> **WORK REQUEST**
In the records below, the line with "4. Vista de la fachada desde la Explanada." and every line after it must be written out exactly; no pictures belong in the result.
══ DATA LISTING
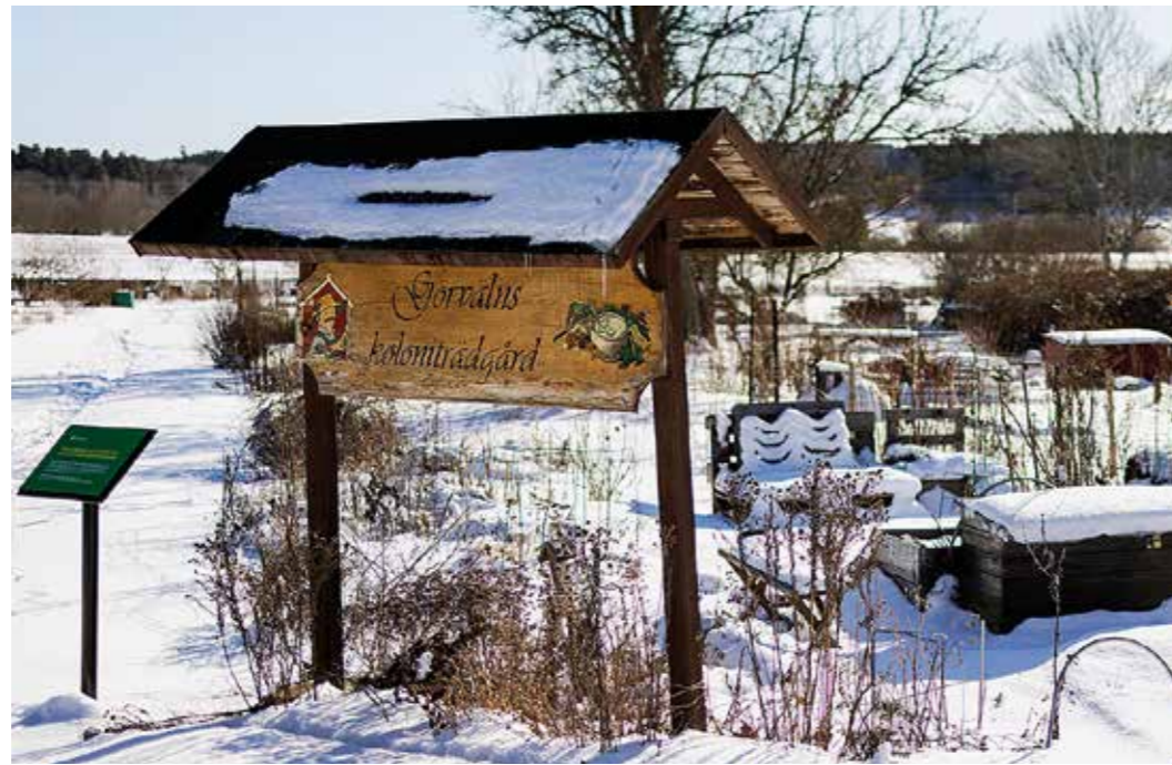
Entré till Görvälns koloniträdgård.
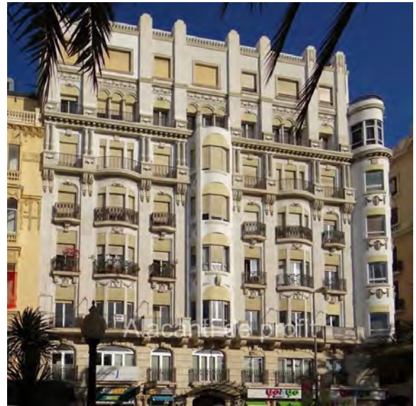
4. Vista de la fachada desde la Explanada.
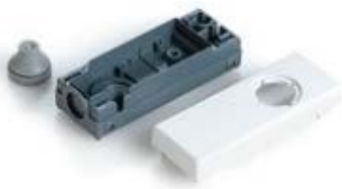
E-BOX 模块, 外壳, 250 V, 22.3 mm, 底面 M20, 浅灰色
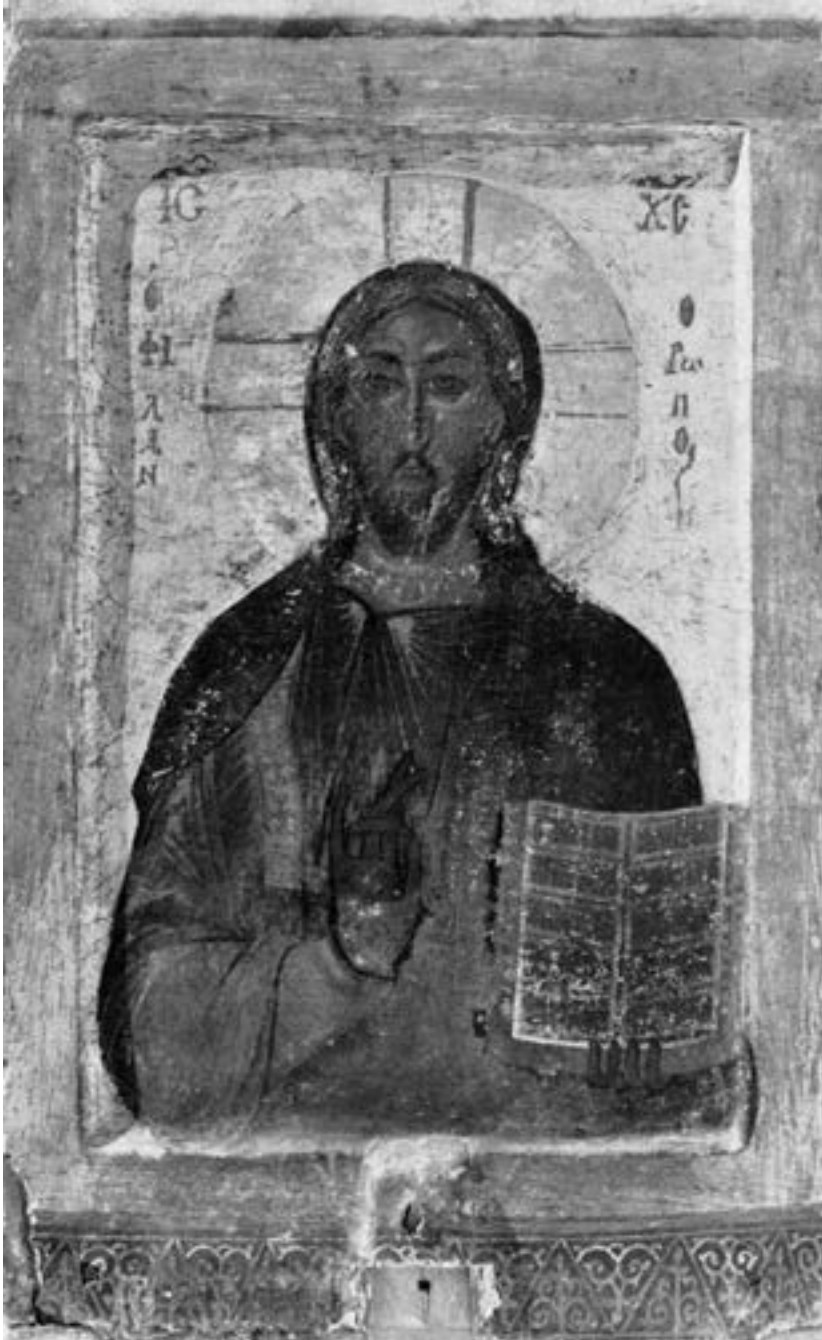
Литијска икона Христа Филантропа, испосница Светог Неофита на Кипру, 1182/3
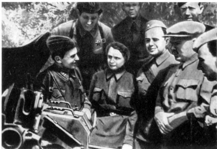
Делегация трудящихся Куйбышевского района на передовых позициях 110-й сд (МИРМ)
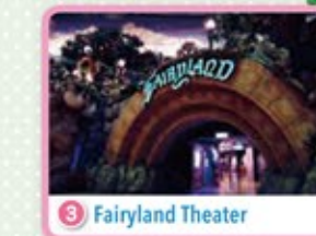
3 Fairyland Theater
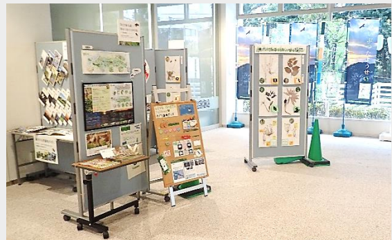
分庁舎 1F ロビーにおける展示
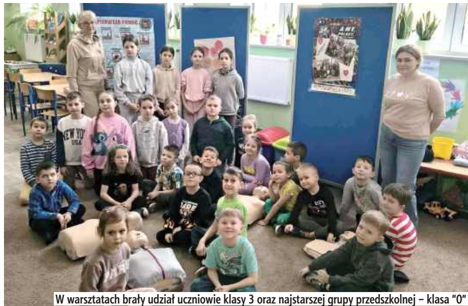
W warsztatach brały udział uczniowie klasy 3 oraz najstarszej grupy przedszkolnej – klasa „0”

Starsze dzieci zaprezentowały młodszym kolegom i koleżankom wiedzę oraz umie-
════
> **EXERCISE SOLUTION**
4. Vista de la fachada desde la Explanada.
E-BOX 模块, 外壳, 250 V, 22.3 mm, 底面 M20, 浅灰色
Литијска икона Христа Филантропа, испосница Светог Неофита на Кипру, 1182/3
Делегация трудящихся Куйбышевского района на передовых позициях 110-й сд (МИРМ)
3 Fairyland Theater
分庁舎 1F ロビーにおける展示
W warsztatach brały udział uczniowie klasy 3 oraz najstarszej grupy przedszkolnej – klasa „0”

Starsze dzieci zaprezentowały młodszym kolegom i koleżankom wiedzę oraz umie-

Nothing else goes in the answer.